Quotes from the article, highligting TK1 as a serum biomarker in HCC:
"The serum level of TK1 has been found to correlate significantly with cancer stage. TK1 is therefore a potential biomarker for cancer recurrence and treatment monitoring, and may also have advantages over current biomarkers." /…/
“We recruited 100 HCC patients and 100 healthy controls in order to compare the expression of TK1 and AFP in the serum of these two groups.” /…/
“The TK1 and AFP serum levels in HCC patients were significantly higher than those in healthy controls. Liver tissue analysis showed that the expression of TK1 in HCC patients was also significantly higher than in healthy controls.” /…/
Source (published jan 2022): Frontiers | Comprehensive Analysis of Immune-Related Prognosis of TK1 in Hepatocellular Carcinoma
Personally I think the article also shed some light on the important aspect that measurements of TK1 in tissue versus measured in serum is NOT the same thing (amateur view, of course). TK1 measured in serum represent, as I understand, profoundly different aspects/qualities than TK1 measured in tissue. And the same goes for the expression of upregulated genes associated with TK1.

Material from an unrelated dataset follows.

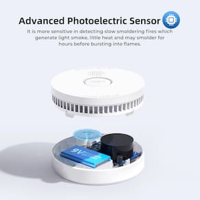 - ?Tecnologia fotoelétrica?O GS509A é um alarme de fumaça fotoelétrico. A tecnologia fotoelétrica é mais sensível na detecção de incêndios lentos que geram fumaça leve, pouco calor e podem queimar por horas antes de explodir em chamas

That is - what goes on INSIDE the cells in the tumor (TK1 measured in tissue sample) is NOT equivalent to information obtained by measurements of the TK1 protein in serum (when tumor cells has disintegrated and TK1 protein has leaked out into the blood). These two datasets deliver profoundly different information and is NOT equivalent. And similar differences goes for the expression of TK1 related genes. It is NOT the same thing as the serum measurements.
I believe this may be a very important aspect that might have to be clarified, for example with respect to different potential future patent applications. For example - to be able to use the TK1 protein measured in serum as a prognostic biomarker in prostate cancer, represents a profoundly different aspect of the obtained information, as compared to using TK1 measured in tissue, or by analyzing TK1-related gene expression. (amateur view, of course)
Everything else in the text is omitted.